**Exercise:** Print every entry below exactly, leaving out the pictures.
::::::::::
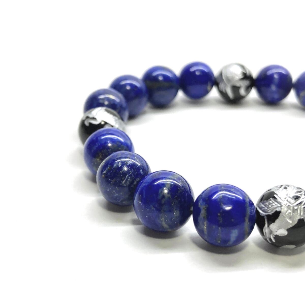 10mm 四神獣銀彫オニキス×ラピスラズリ パワーストーン ブレスレット天然石 運気上昇 開運 幸運 金運 恋愛運 お守り 青龍 白虎 玄武 朱雀 ☆
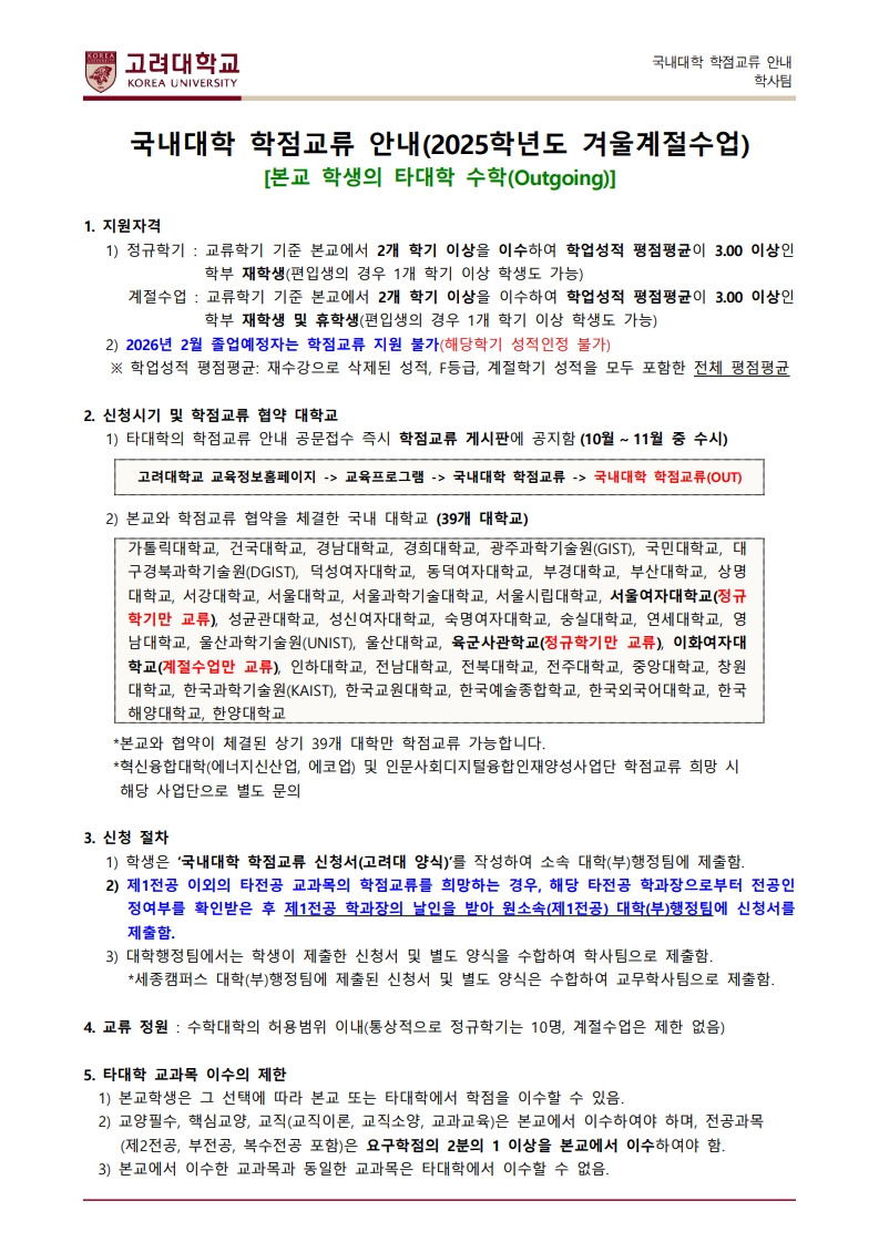 제목 2025학년도 겨울계절수업 국내대학 학점교류 안내(OUTGOING)
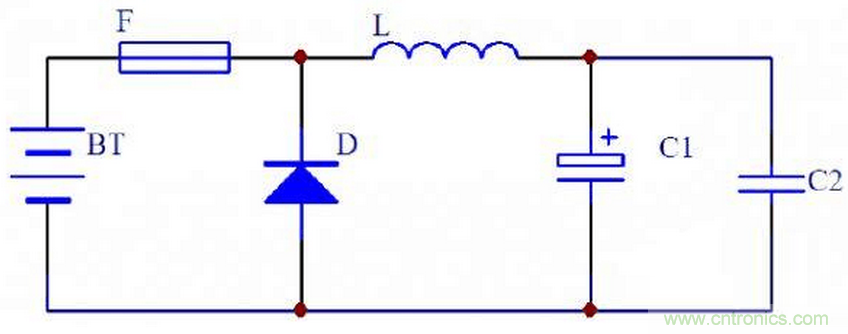 這種防反接保護(hù)電路結(jié)構(gòu)簡(jiǎn)單,不會(huì)影響效率,但保護(hù)后會(huì)燒毀保險(xiǎn)絲F,需要重新更換才能恢復(fù)正常工作。
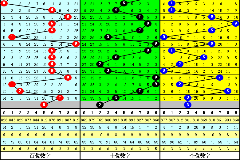 百位上期出现:冷号7,该位连续十期以热号出现较多,以冷号出现较少,目前该位遗漏15期以上的冷号有3个:3、4、5,本期注意该位冷号逐渐解冻,关注冷号5。
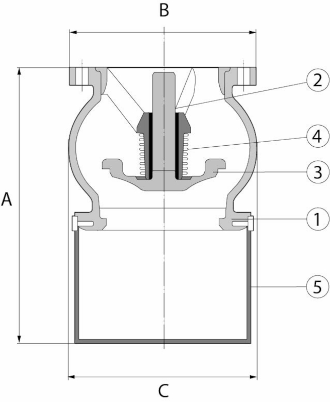 Flänsad bottenventil som förhindrar återströmning av vatten på sugsidan i pumpledningar. Backventil inklusive utvändig silkorg för tex kylsystem, bevattningsanläggningar och för vattendistribution.
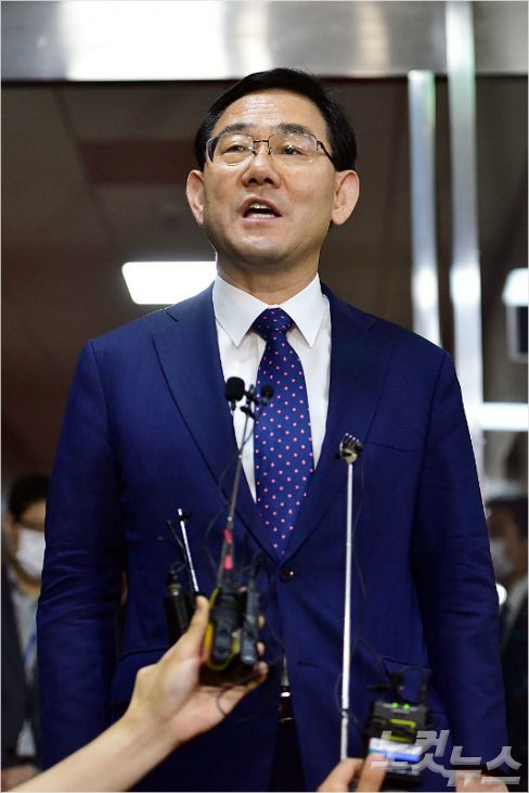 미래통합당 주호영 원내대표가 12일 오전 국회에서 박병석 국회의장을 항의 방문하고 나서며 발언을 하고 있다. (사진=윤창원 기자)
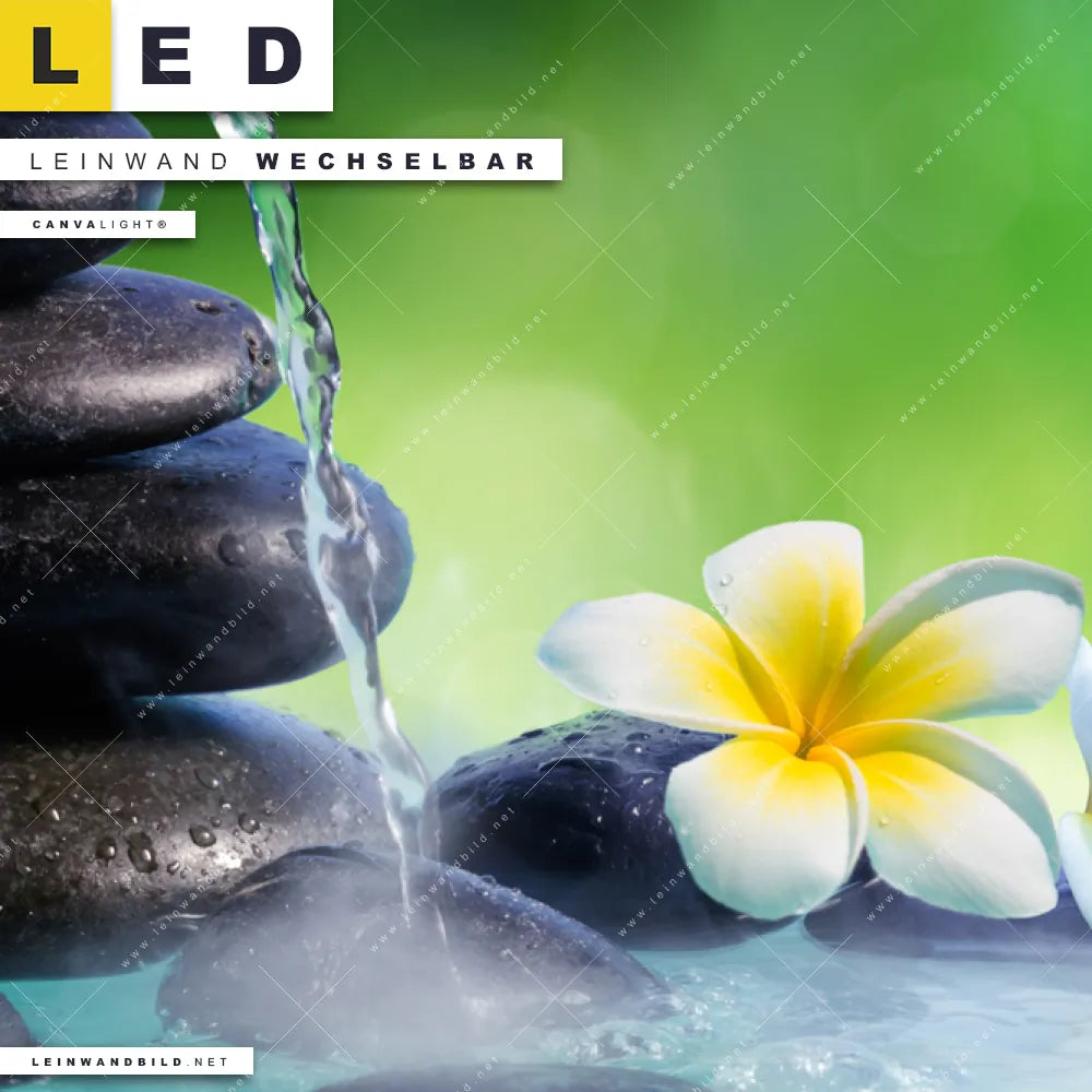 Dann sollte das LED Leinwandbild Canvalight® TEX | Japanischer Brunnen | Hochformat den Weg zu Dir finden. Das stufenlos dimmbare Leinwandbild Zen-Steine im Wasser im steckerfertigen Leuchtrahmen mit Fernbedienung und optionaler Farbtemperatursteuerung fügt sich als Eye-Catcher harmonisch in jedes Arzt - Praxis, Wohnzimmer - Schlafzimmer, Friseur - Beauty Raumkonzept ein.
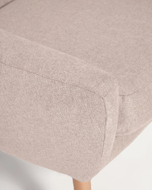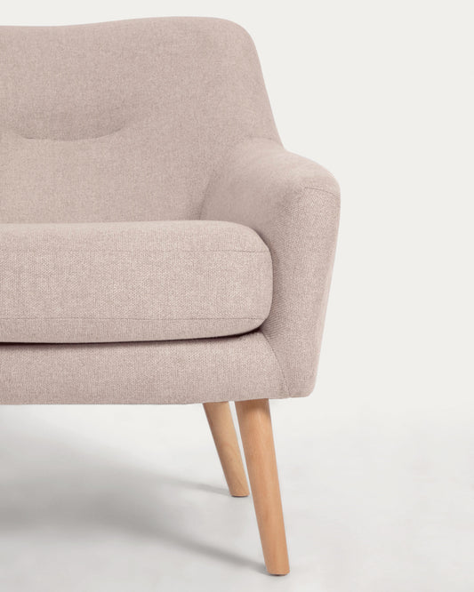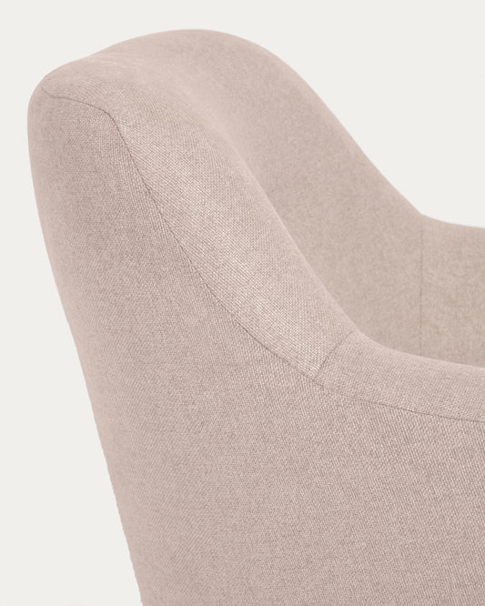 • Armchair with armrests, upholstered in a beige, textured fabric.
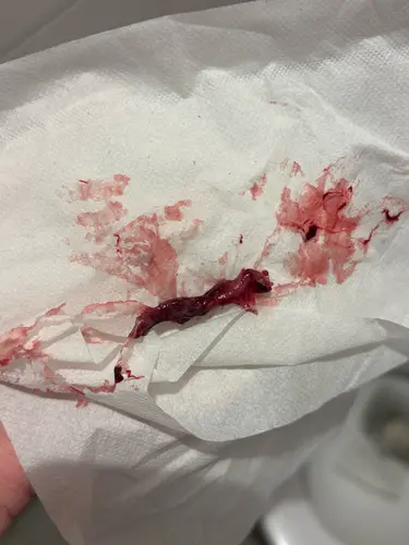 Stolsels vallen in water grotendeels uit elkaar en een vruchtje niet. Maar het kan normaal zijn rond die tijd wat bloed te verliezen. Verlies je nog steeds veel bloed ? Mijn ervaring met een miskraam is dat het echt enorm veel bloedverlies gaf. Ik hoop dat je snel duidelijkheid hebt. Sterkte😘
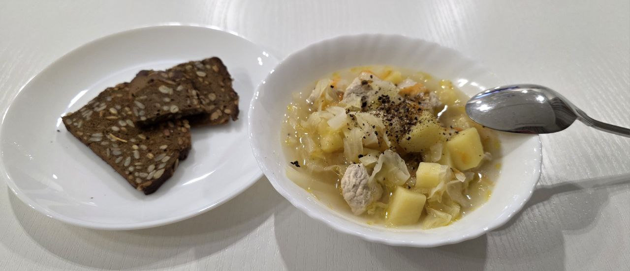 Тут ещё борщ был, но я его не успел во время сфоткать ). Пока за телефоном ходил, кто-то половину съел ?♂
::::::::::
**Solution for this exercise:**
 10mm 四神獣銀彫オニキス×ラピスラズリ パワーストーン ブレスレット天然石 運気上昇 開運 幸運 金運 恋愛運 お守り 青龍 白虎 玄武 朱雀 ☆
 제목 2025학년도 겨울계절수업 국내대학 학점교류 안내(OUTGOING)
 這種防反接保護(hù)電路結(jié)構(gòu)簡(jiǎn)單,不會(huì)影響效率,但保護(hù)后會(huì)燒毀保險(xiǎn)絲F,需要重新更換才能恢復(fù)正常工作。
 百位上期出现:冷号7,该位连续十期以热号出现较多,以冷号出现较少,目前该位遗漏15期以上的冷号有3个:3、4、5,本期注意该位冷号逐渐解冻,关注冷号5。
 Flänsad bottenventil som förhindrar återströmning av vatten på sugsidan i pumpledningar. Backventil inklusive utvändig silkorg för tex kylsystem, bevattningsanläggningar och för vattendistribution.
 미래통합당 주호영 원내대표가 12일 오전 국회에서 박병석 국회의장을 항의 방문하고 나서며 발언을 하고 있다. (사진=윤창원 기자)
 Dann sollte das LED Leinwandbild Canvalight® TEX | Japanischer Brunnen | Hochformat den Weg zu Dir finden. Das stufenlos dimmbare Leinwandbild Zen-Steine im Wasser im steckerfertigen Leuchtrahmen mit Fernbedienung und optionaler Farbtemperatursteuerung fügt sich als Eye-Catcher harmonisch in jedes Arzt - Praxis, Wohnzimmer - Schlafzimmer, Friseur - Beauty Raumkonzept ein.
 • Armchair with armrests, upholstered in a beige, textured fabric.
 Stolsels vallen in water grotendeels uit elkaar en een vruchtje niet. Maar het kan normaal zijn rond die tijd wat bloed te verliezen. Verlies je nog steeds veel bloed ? Mijn ervaring met een miskraam is dat het echt enorm veel bloedverlies gaf. Ik hoop dat je snel duidelijkheid hebt. Sterkte😘
 Тут ещё борщ был, но я его не успел во время сфоткать ). Пока за телефоном ходил, кто-то половину съел ?♂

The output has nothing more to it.